In Beyond Science, Epoch Times explores research and accounts related to phenomena and theories that challenge our current knowledge. We delve into ideas that stimulate the imagination and open up new possibilities. Share your thoughts with us on these sometimes controversial topics in the comments section below.

Ancient Mayan and Chinese calendar systems share so many similarities, it is unlikely they developed independently, according to the late David H. Kelley, whose paper on the subject was published posthumously in August.

Kelley was a Harvard-educated archaeologist and epigrapher at the University of Calgary in Canada. He earned fame in the 1960s for major contributions toward deciphering the Mayan script. His article, titled “Asian Components in the Invention of the Mayan Calendar,” was written 30 years ago, but was only recently unearthed and published for the first time in the journal Pre-Columbiana.

In 1980, a major science journal had solicited the article, said Pre-Columbiana’s editor Dr. Stephen Jett. But, Jett said, “the editors rejected it as being overly documented for the journal’s spare format; understandably for so revolutionary an effort, Dave did not wish to weaken the documentation, and he never published the piece elsewhere.” Jett obtained Kelley’s permission to publish it before he died.
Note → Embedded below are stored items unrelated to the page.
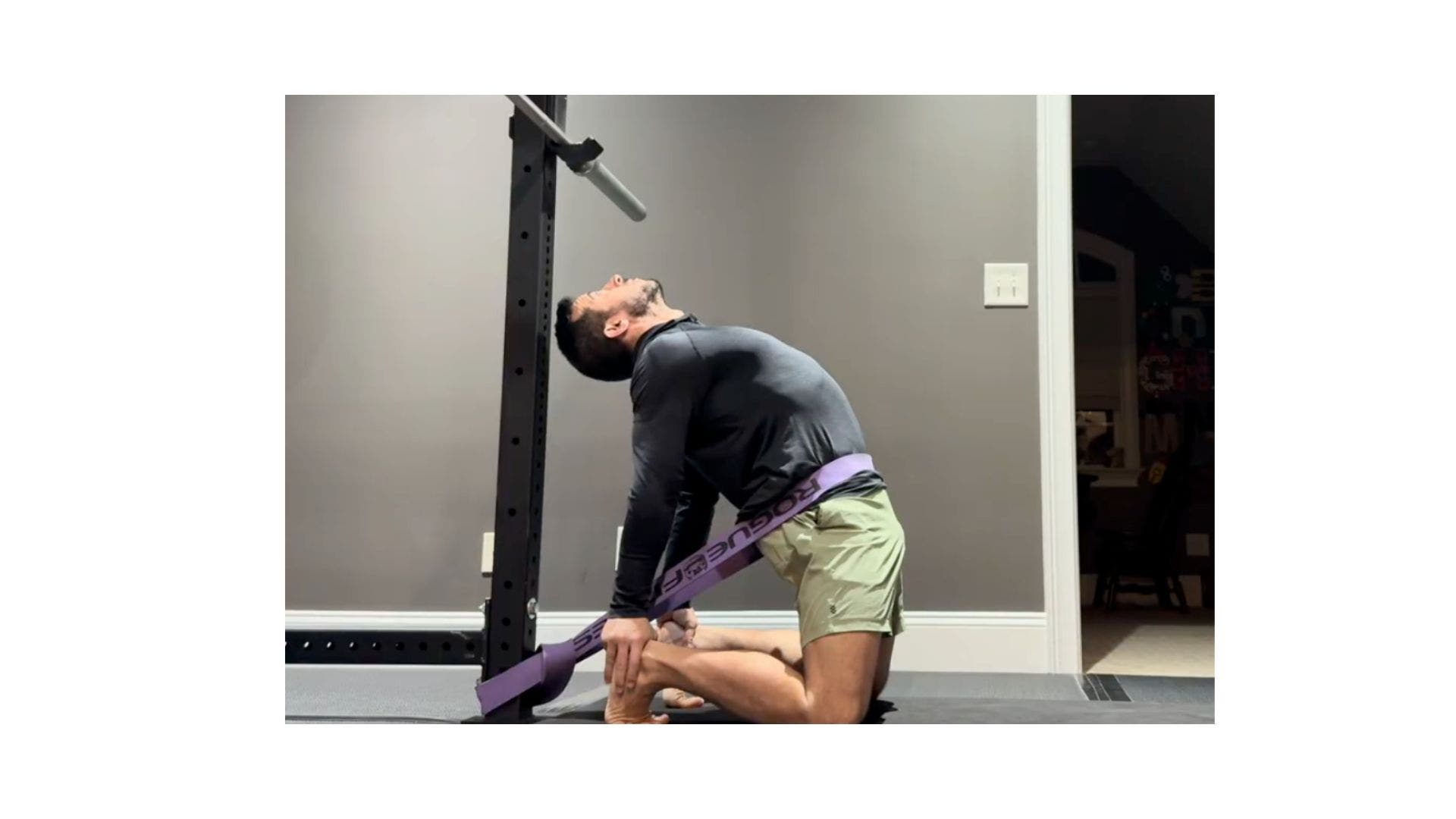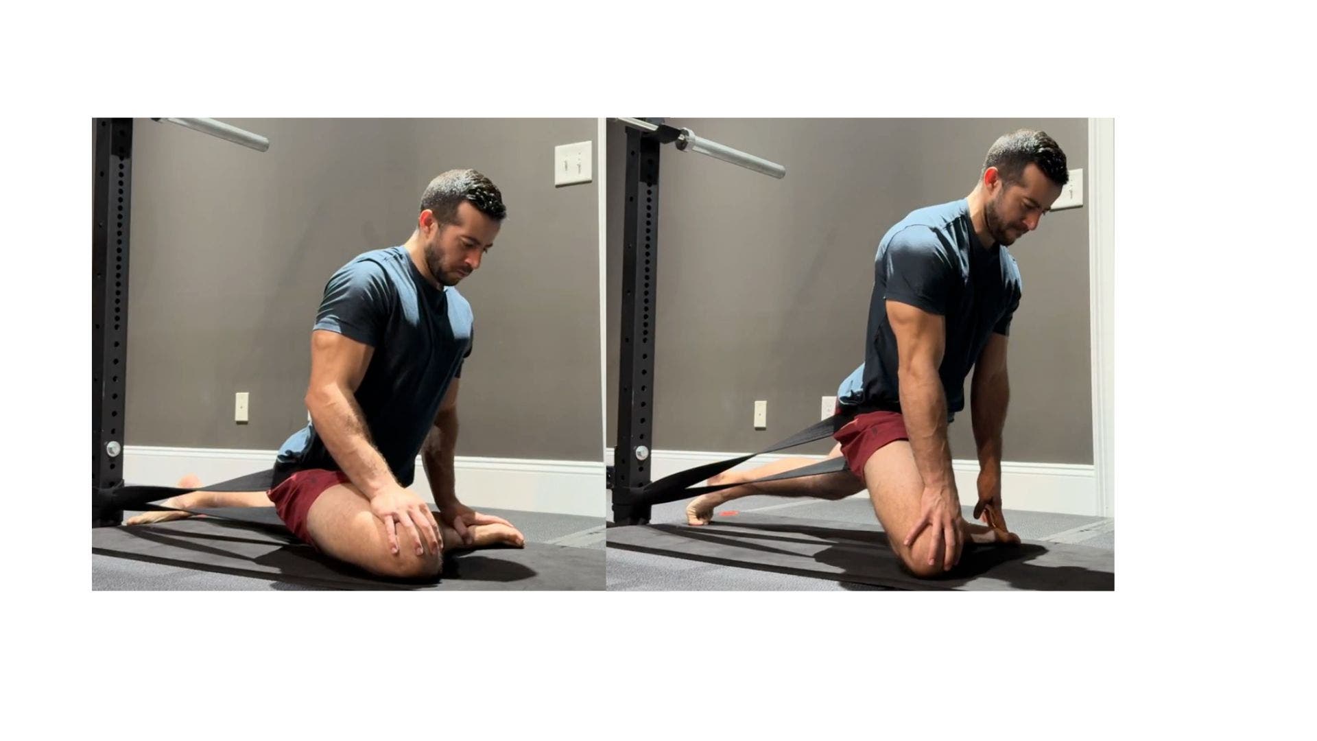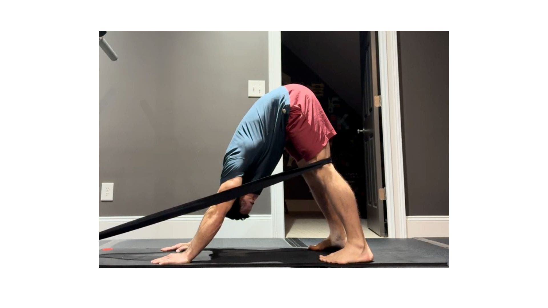 Using the band in Down Dog activates reciprocal inhibition, which engages muscles on one side of the body (quadriceps) and releases muscles on the opposite side (hamstrings). This unlocks new range of motion.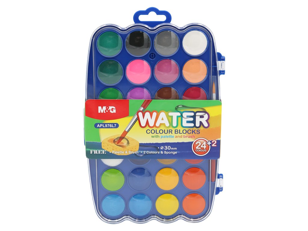 Farby vodové 24+2 farieb (30 mm) + paletka a štetec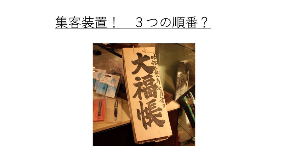 「 集客装置! 3つの順番? 」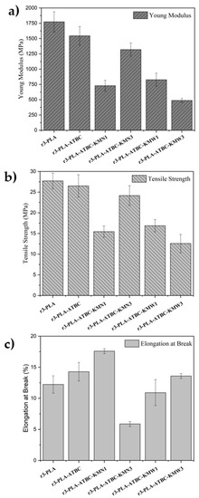 Tensile test measurements of 3r-PLA-ATBC-based films: (a) Young modulus, (b) Tensile Strength and (c) Elongation at break.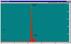 | Поверхность, обработанная лазером (х900). Поры правильной формы и структуры, с интервалом 10-12 мкм, диаметром ±25 мкм и глубиной 20 мкм. | Энергодисперсионный рентгеноспектральный анализ. Чистота поверхности, обработанной лазером. Присутствует только Титан (Ti). |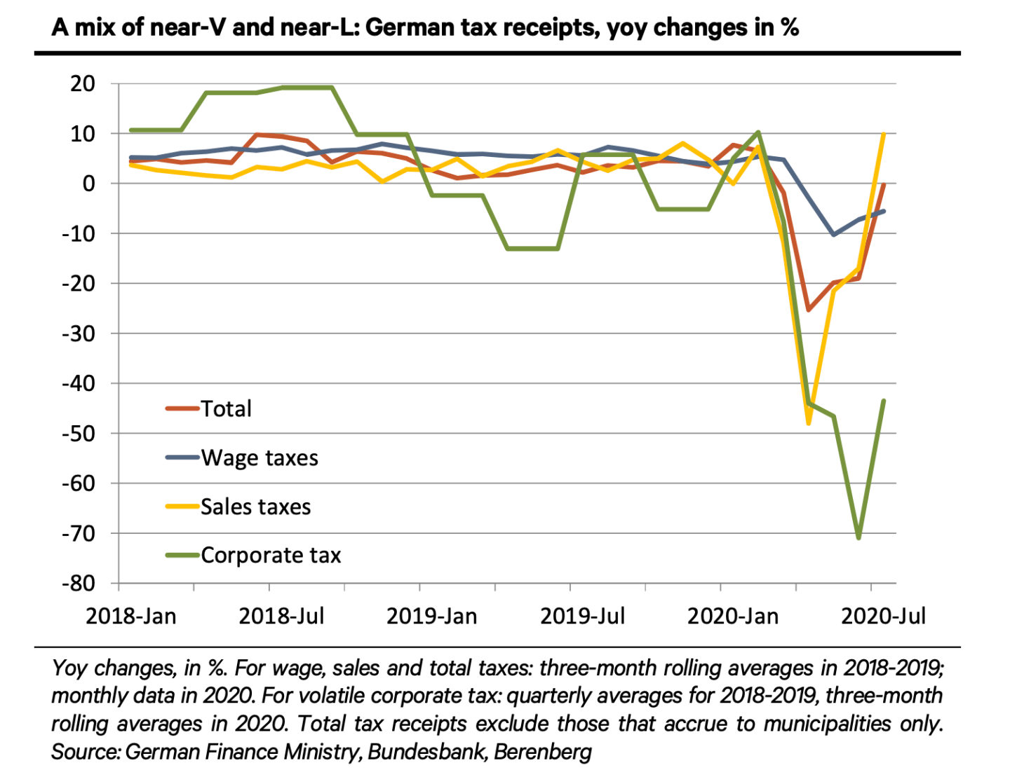 The U.K. isn’t the only European country to see consumption returning in force. As outlined in a Friday Berenberg note, receipts from sales taxes in Germany have “rebounded almost like a V.” Retail sales in that country were already up year on year during May and June, by 5.2% on average.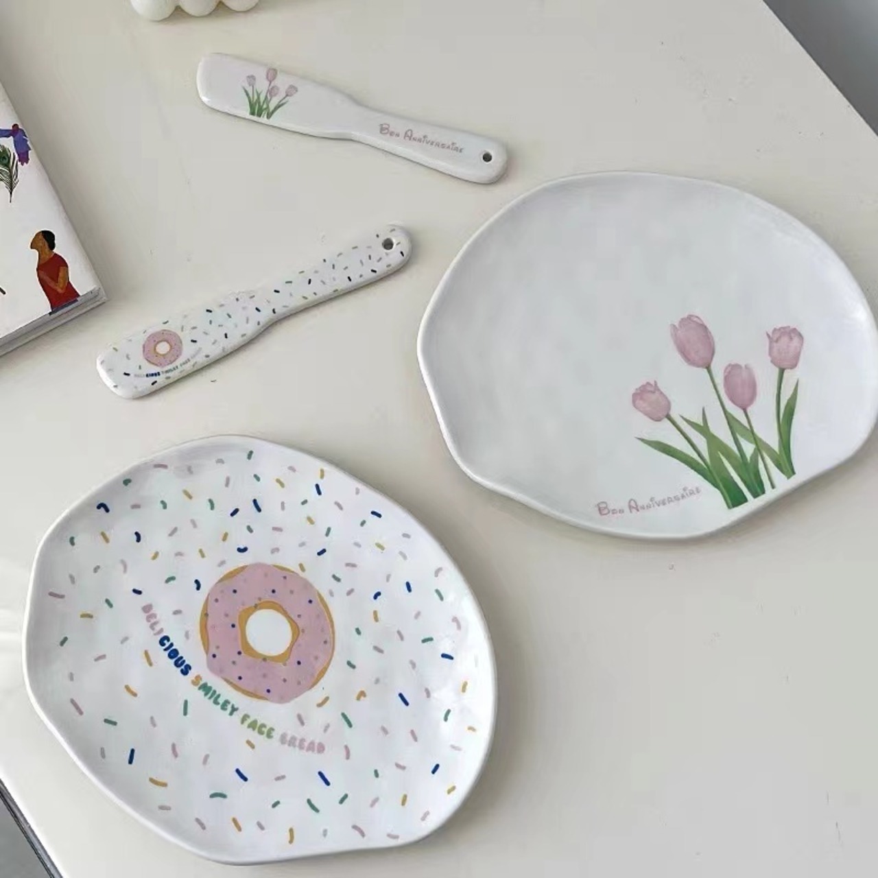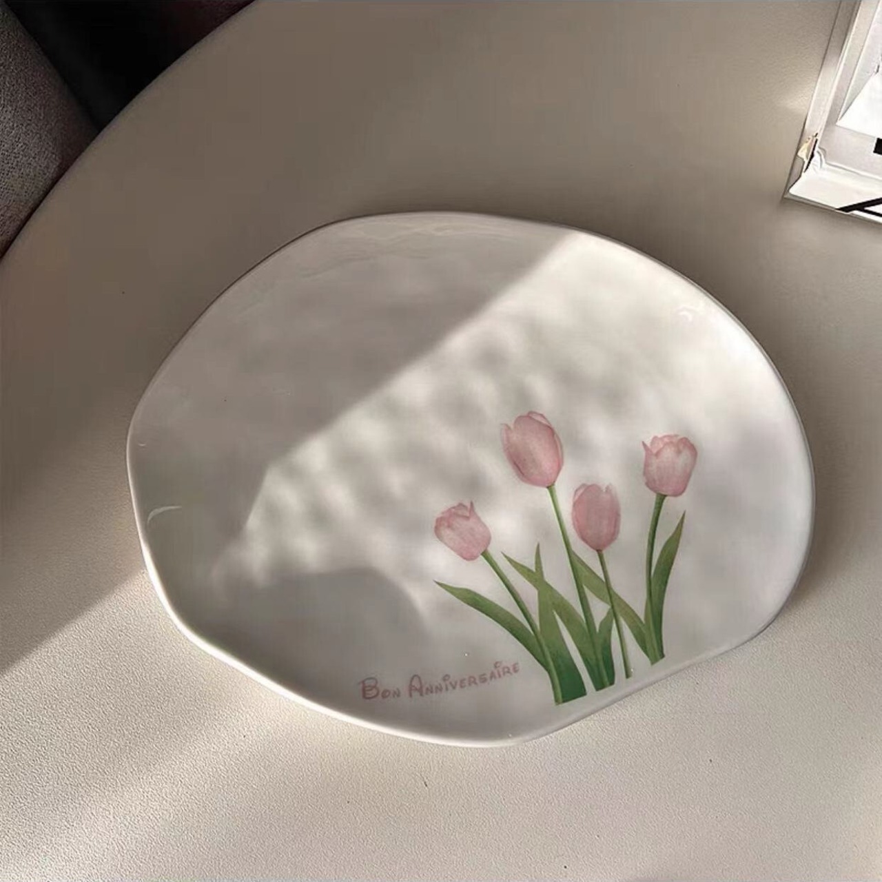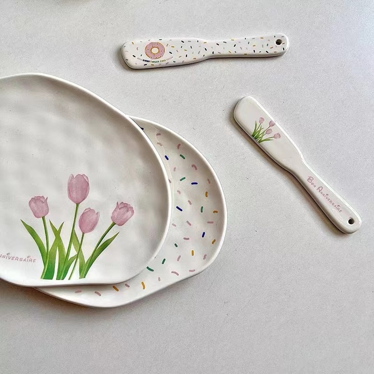 ★送料無料★韓国風 不規則プレート チューリップ柄プレート デザートプレート お皿 バターナイフ ホワイトトレー アクセサリー展示台 アクセサリートレー 変形 不規則 小物収納 アクセサリー収納 コースター 韓国雑貨 小物収納 韓国ファッション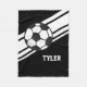 Un diseño deportivo con un balón de fútbol contra las rayas diagonales blancas y el fondo negro.  Personalice esta manta acogedora del paño grueso y suave con un nombre o ponga en cortocircuito la frase. La fuente colegial del estilo le da una sensación de los deportes atléticos.  Esta manta es grande para los aficionados al fútbol, los jugadores y los coches.  Acogedor para arriba en el sofá o en el estadio con esta manta mientras que usted mira el juego.  También hacen un gran presente para el navidad, el cumpleaños y otros días de fiesta.  Este diseño disponible en una variedad de colores.  Si usted no encuentra lo que usted está buscando apenas el mensaje yo con su petición.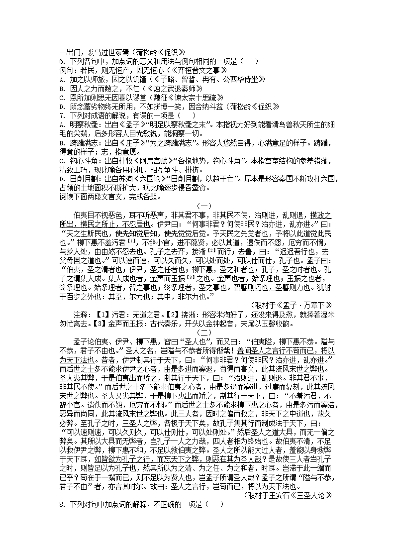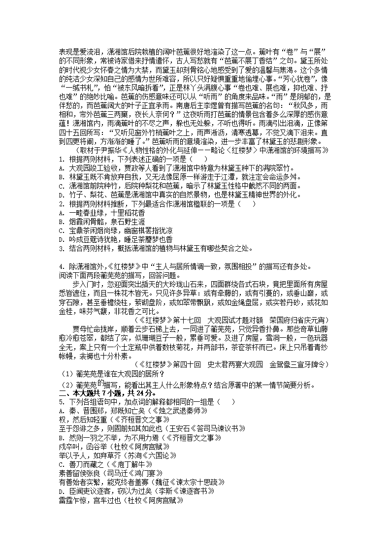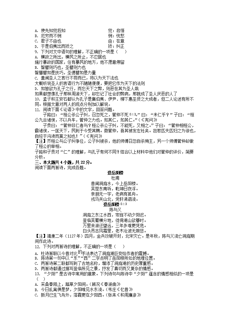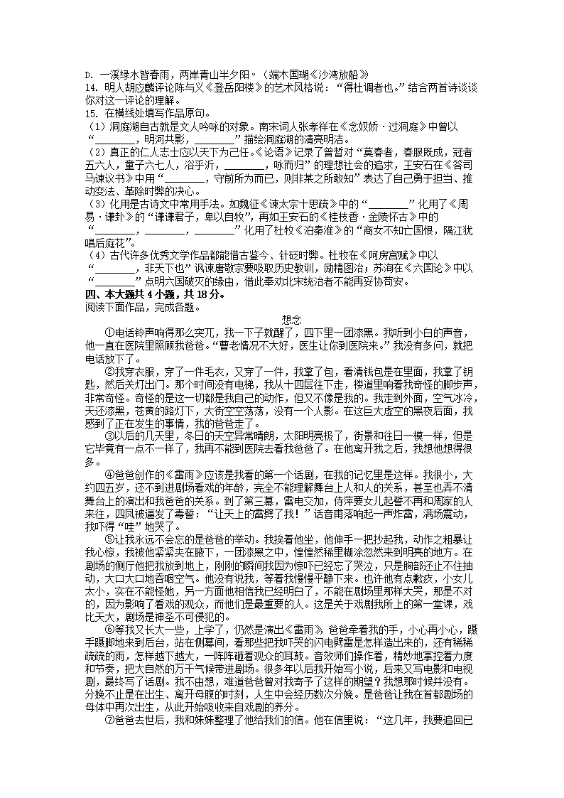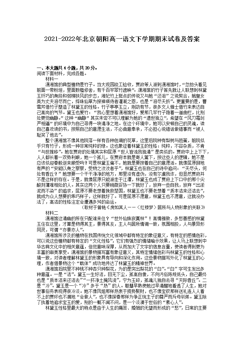 2021-2022年北京朝阳高一语文下学期期末试卷及答案(Word版)07-28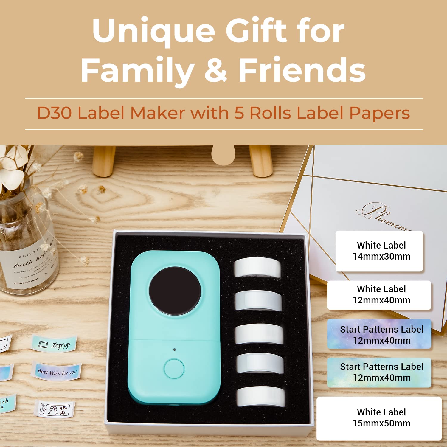 - [Phomemo D30 Label Maker Gift Set]Include a D30 labelling Machine, a white label(12*40mm,160pcs), a white label(14*30mm,210pcs), a white label(15*50mm,130pcs),2 different Star Patterns labels(12*40mm,320pcs). It's a wonderful gift for your loved one, family and friends on Halloween, Thanksgiving, Christmas and other holidays.

The hypothesis Kelly presented is controversial. He said that the calendars indicate contact between Eurasia and Mesoamerica more than 1,000 years ago, contradicting mainstream archaeology’s understanding that such contact occurred for the first time only a few hundred years ago.

Kelley supported the controversial theory of early transoceanic contact in general. It is a theory that has many other academic proponents and that Pre-Columbiana specializes in exploring. The similarities in the calendar systems is only part of a growing body of evidence for early contact.

Kelley also isn’t the only one to have noticed the similarities between the calendar systems. But given his authority as an expert on Mayan history, his analysis is a pillar on which to base further study.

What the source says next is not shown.